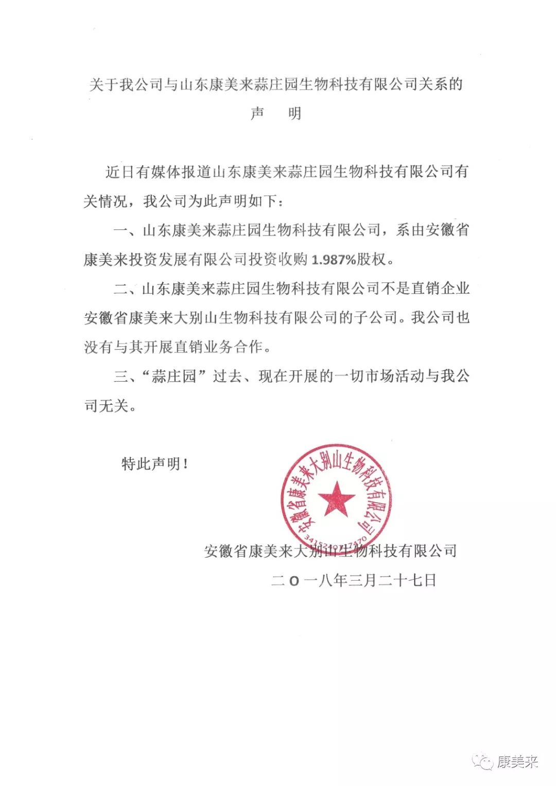 關于我公司與“蒜莊園”有關情況的聲明
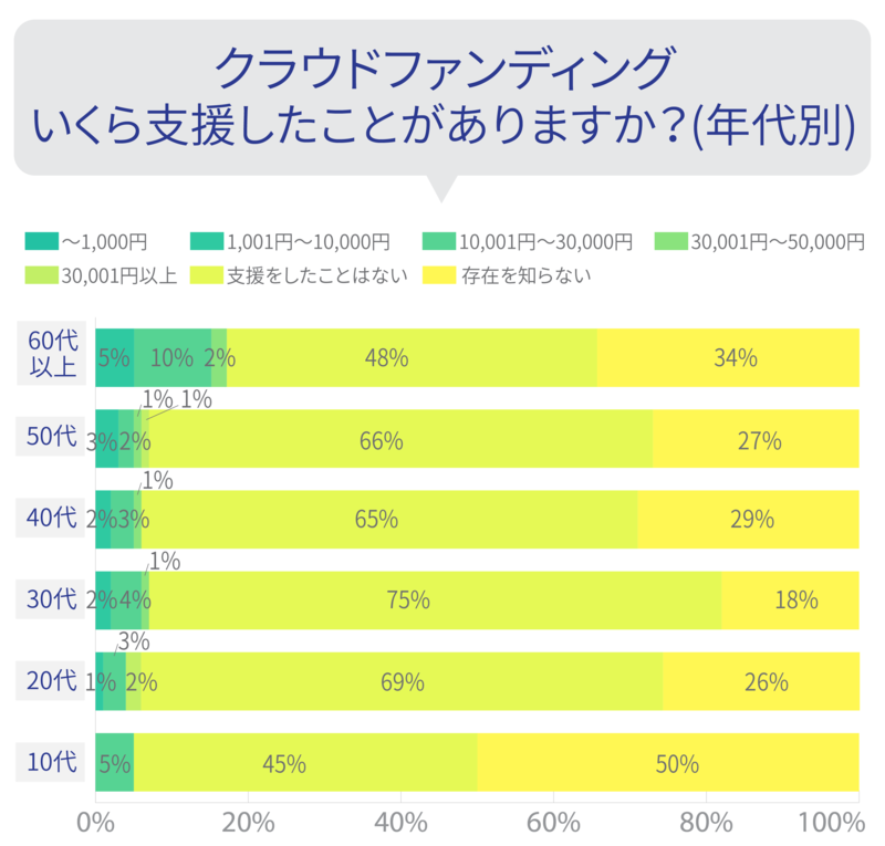 20代になると、クラウドファンディングのことは知っているものの、支援はしたことがない方が増えます。
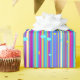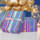Meninas embrulhando papel em blues, roxo, listras, bolinhas.
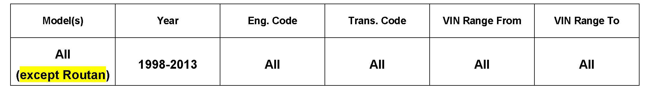 2-1 All Models 1998 - 2013, Except Passat/CC 3.6L, Eos 3.2L, Golf VR4/R32, Touareg, and Phaeton
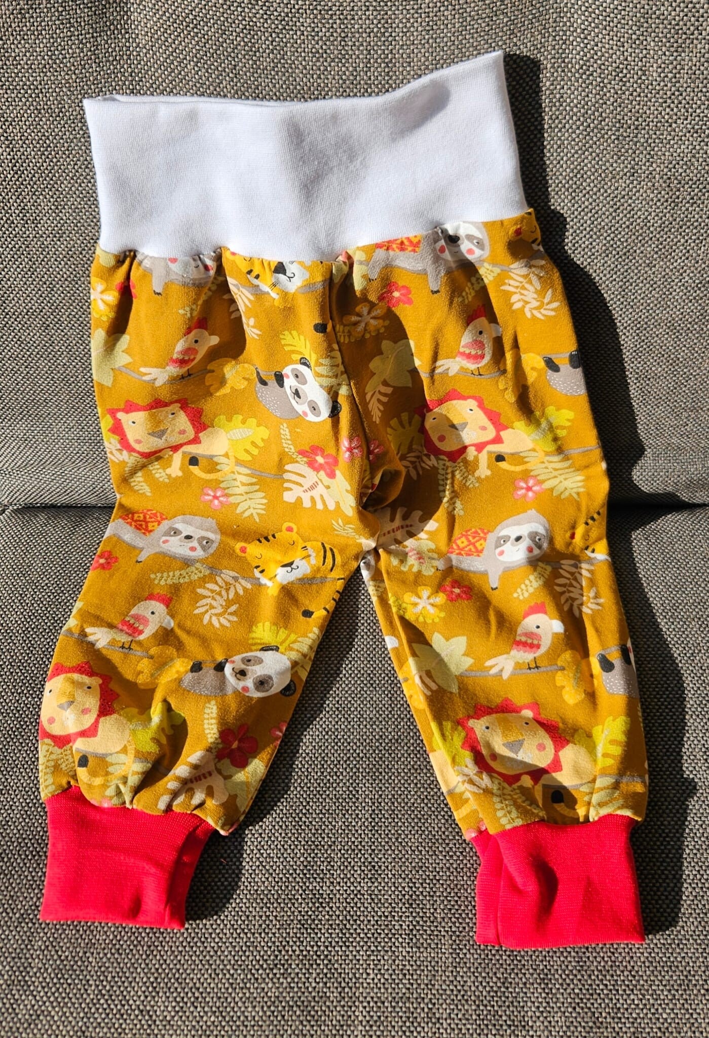 - Farbe: Zootiere auf braunem Grund mit weiss resp. roten Bündchen
※ ※ ※
Task requirements:
Starting at the line with "20代になると、クラウドファ", transcribe the listing above exactly through its last line. No picture belongs in the transcription.

Your solution:
 20代になると、クラウドファンディングのことは知っているものの、支援はしたことがない方が増えます。
Meninas embrulhando papel em blues, roxo, listras, bolinhas.
 2-1 All Models 1998 - 2013, Except Passat/CC 3.6L, Eos 3.2L, Golf VR4/R32, Touareg, and Phaeton
 - Farbe: Zootiere auf braunem Grund mit weiss resp. roten Bündchen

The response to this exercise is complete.